* **WHAT IS NEEDED**
Ignoring every picture, return the lines of the listing below word for word, from the line that holds "Vinyl Wall Art" through the line that holds "- Les murs en".

* **EXERCISE DATA**
--- START ---

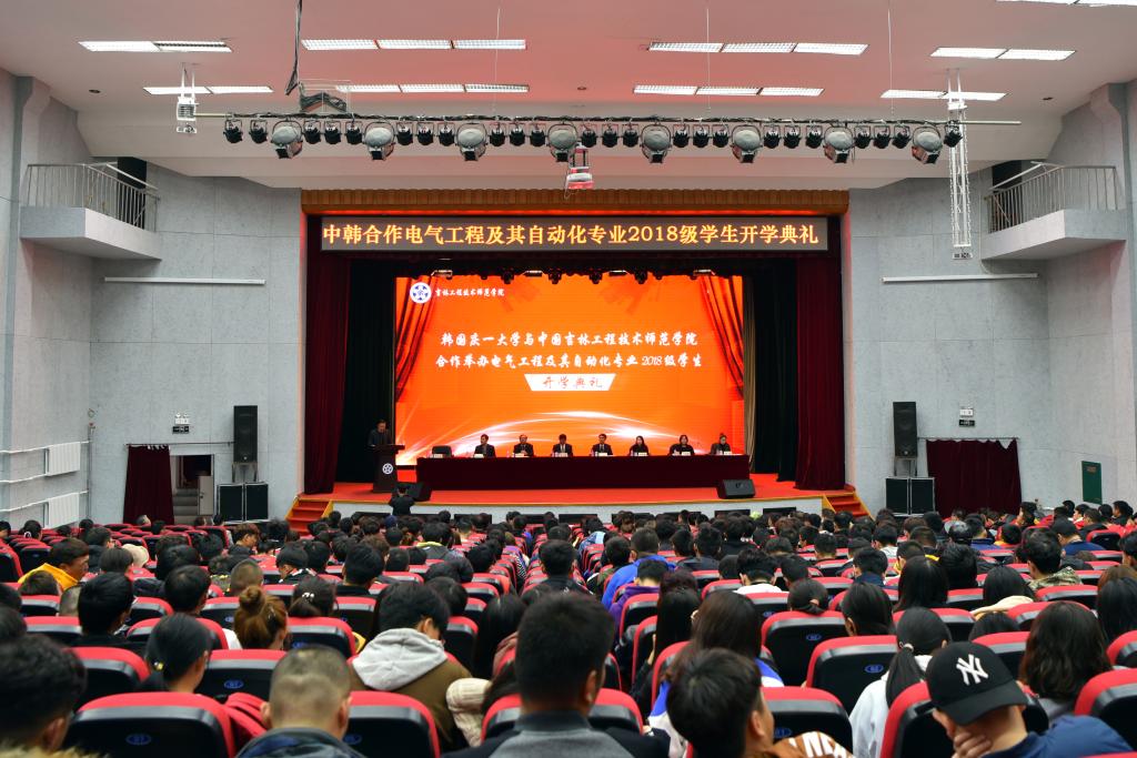 10月23日,学校在报告厅隆重举行中韩合作办学电气工程及其自动化专业学生开学典礼。韩国庆一大学副校长洪在杓、教务学籍处副科长李善爱、对外协力处副科长郑镇圭、机械汽车学部金红花,我校党委书记栾立明、校长杨晓东、党委常委教务处长张存贵出席了开学典礼。典礼由张存贵主持,国际交流处、学工部、校团委领导,电气工程学院党政领导、全体教师及大一新生参加了本次开学典礼。
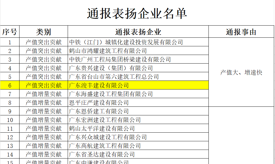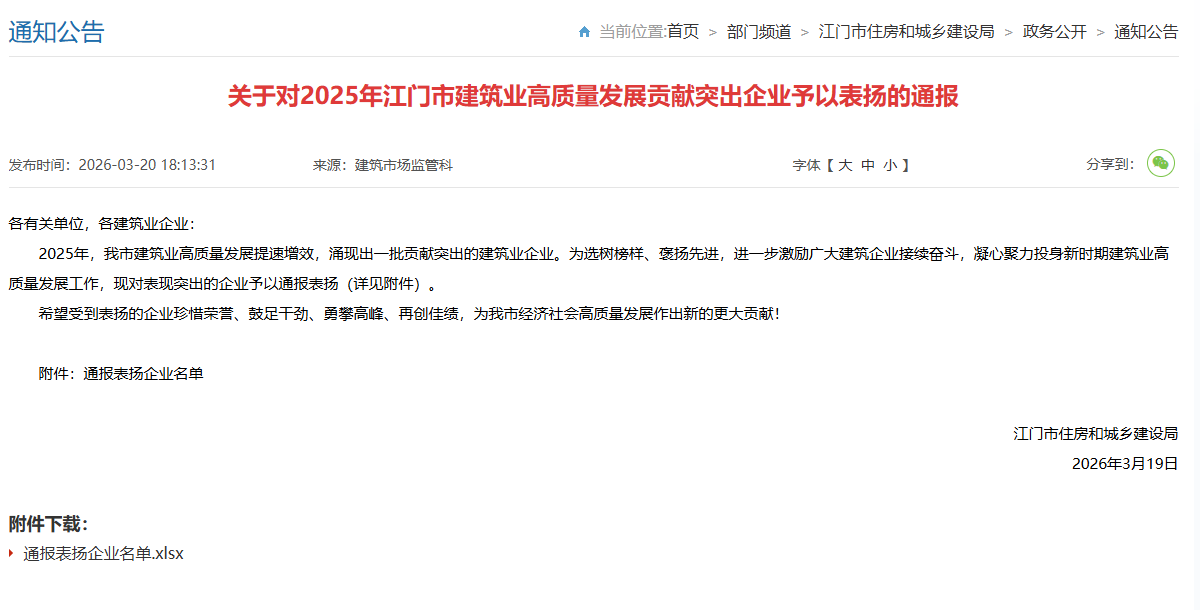 | 发文编号: | 关于对2025年江门市建筑业高质量发展贡献突出企业予以表扬的通报 |
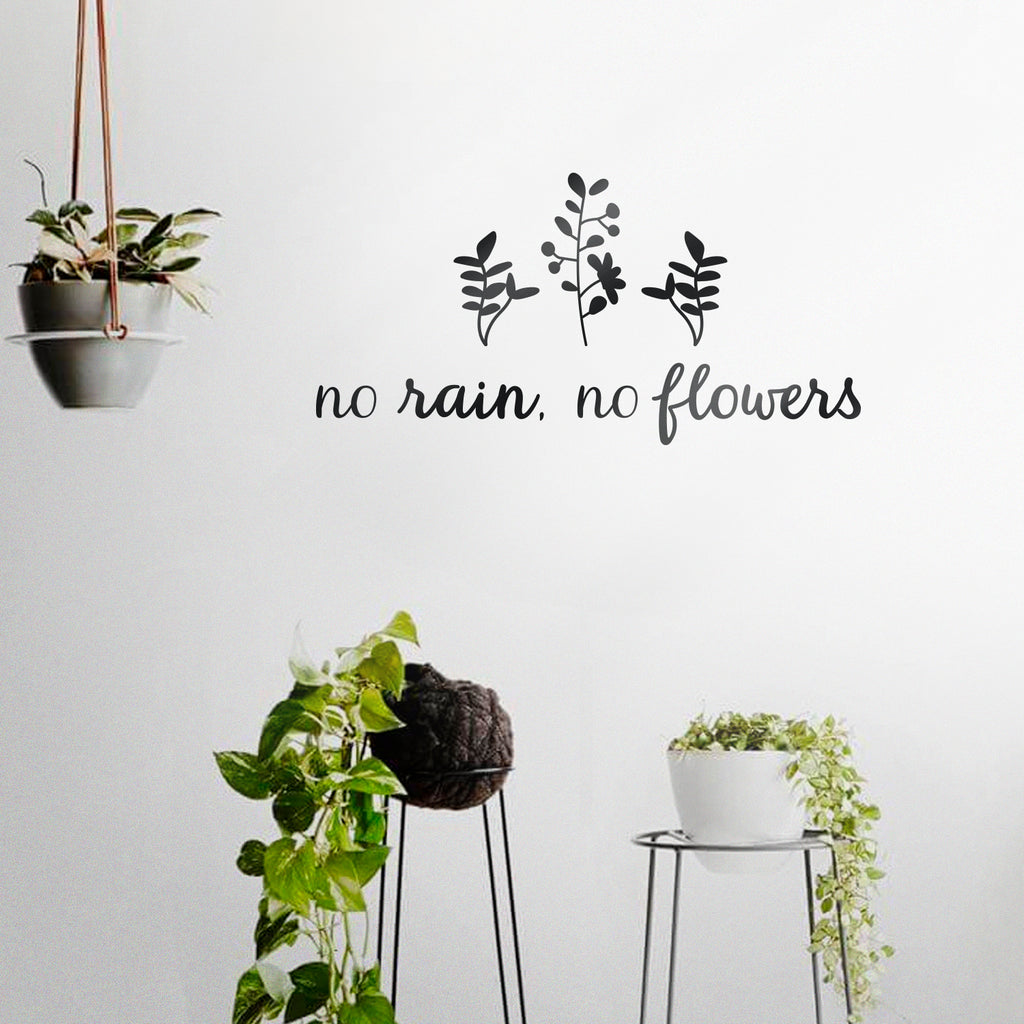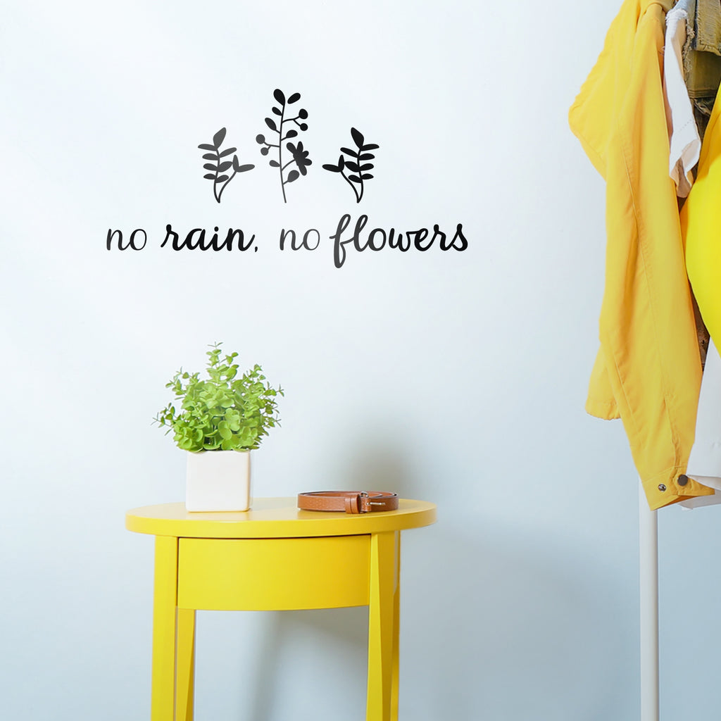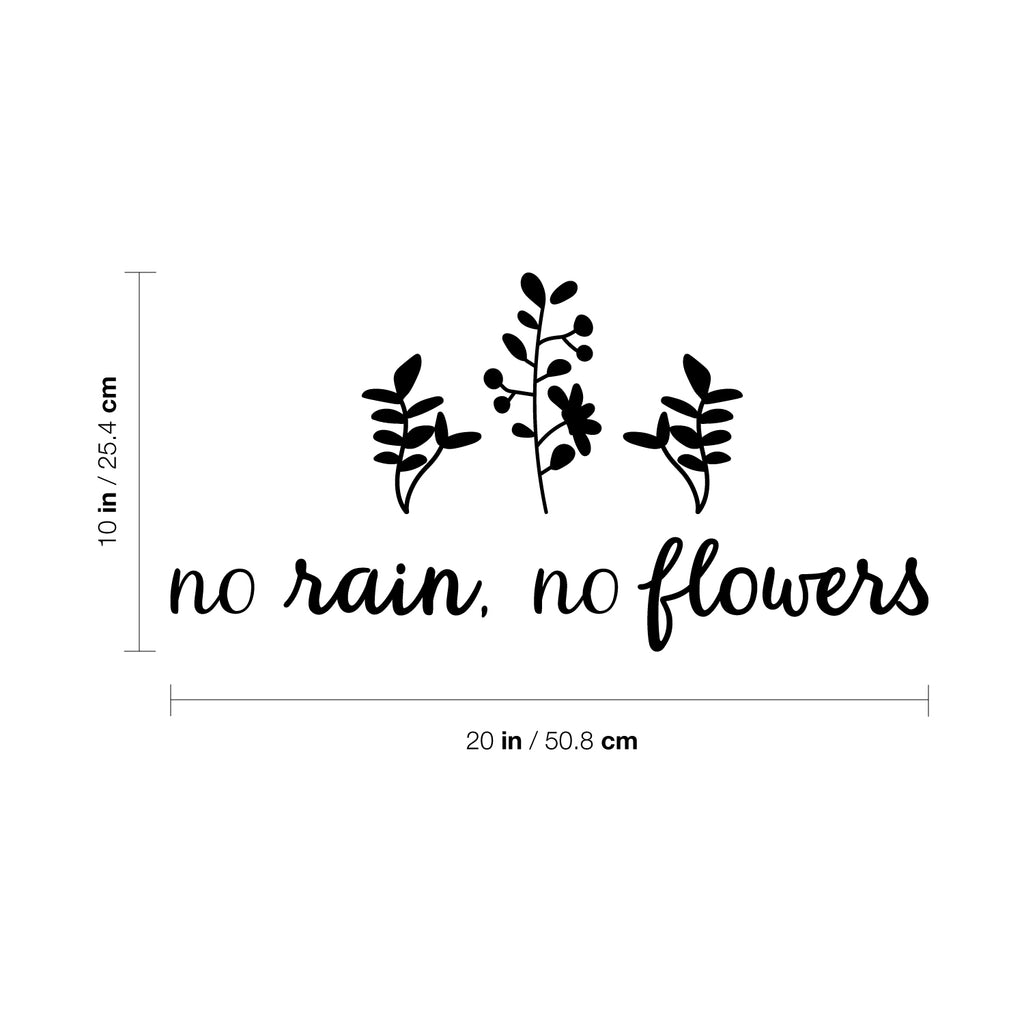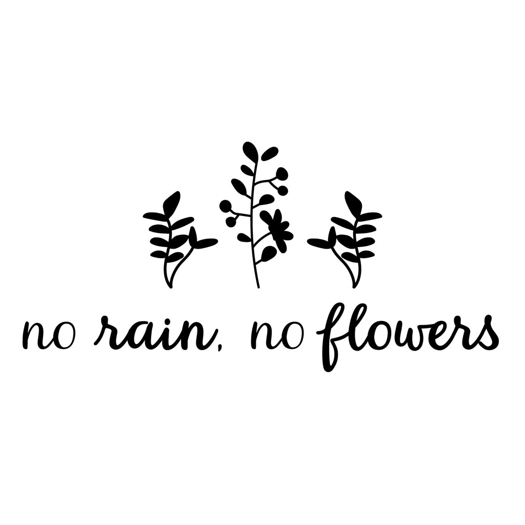 Vinyl Wall Art Decal - No Rain No Flowers - Trendy Positive Indoor Outdoor Home Apartment Living Room Bedroom Office Dorm Room Work Quotes Decor
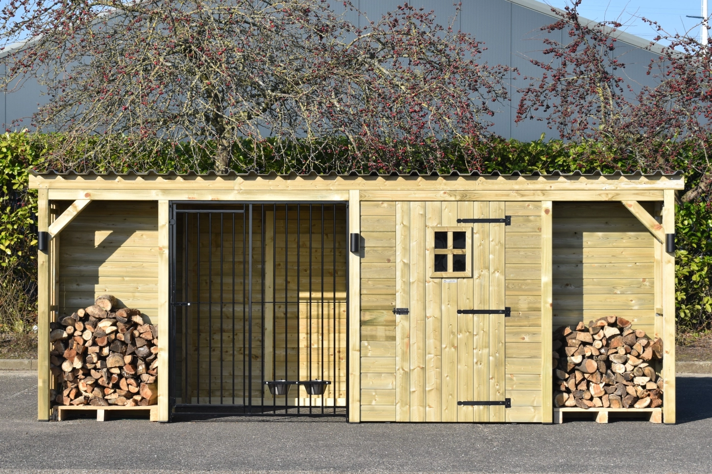 - Les murs en bois protègent du vent, de la pluie et du soleil. Cela crée un meilleur climat au chenil, tout au long de l'année.
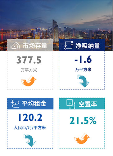 由于新增供应于本季度交付入市,全市甲级写字楼市场空置率环比上升至23.4%;为提高竞争力,部分项目业主做出更多让步以吸引优质租户,使得南京甲级写字楼市场平均租金环比小幅下调;
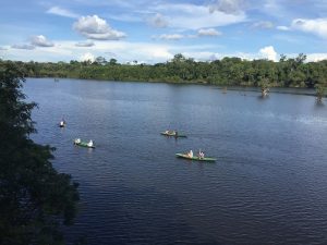 A aventura começa logo cedo, às 7 horas, no embarque para o Lodge, que fica na região de Autazes, a cerca de 3 horas de Manaus. No trajeto é possível ver o encontro das águas dos rios Negro e Solimões e visitar um flutuante típico da região, além de já ter uma ideia da paisagem que espera os visitantes.
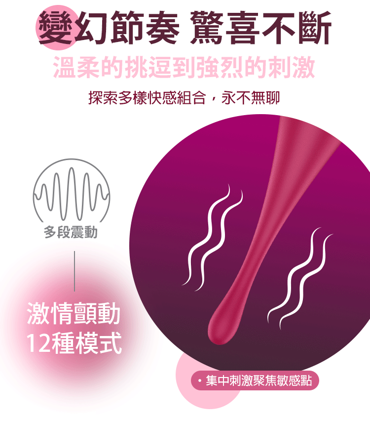 12段震動模式:多樣震動節奏,帶來不同強度快感
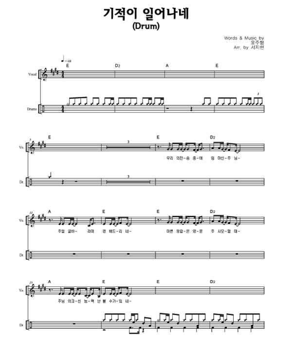 '기적이 일어나네' 의 다른 악보형식
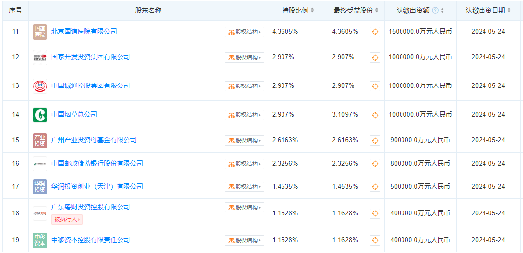 股东信息显示,该公司由财政部、国开金融有限责任公司、上海国盛(集团)有限公司、中国工商银行、中国建设银行、中国农业银行、中国银行等19位股东共同持股。
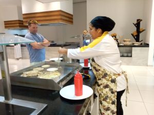 Le matin, la cafétéria Sélection vous reçoit avec crêpes, smoothies à la papaye, banane et/ou tamarin (fruit local), viennoiseries, jus de pêche, café ou thé, salades, légumes et protéines (œuf, viande). Le soir, crustacés, fruits
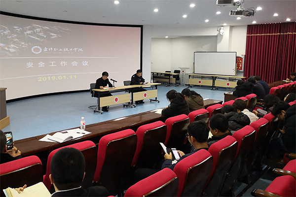 会上安全保卫处胡鹏处长针对2019年省教育厅下发的相关安全文件,结合学院自身情况对各部门在寒假期间及开学初安全工作的注意事项及工作任务,做出具体安排和部署。

--- END ---

* **TASK RESULT**
 Vinyl Wall Art Decal - No Rain No Flowers - Trendy Positive Indoor Outdoor Home Apartment Living Room Bedroom Office Dorm Room Work Quotes Decor
 - Les murs en bois protègent du vent, de la pluie et du soleil. Cela crée un meilleur climat au chenil, tout au long de l'année.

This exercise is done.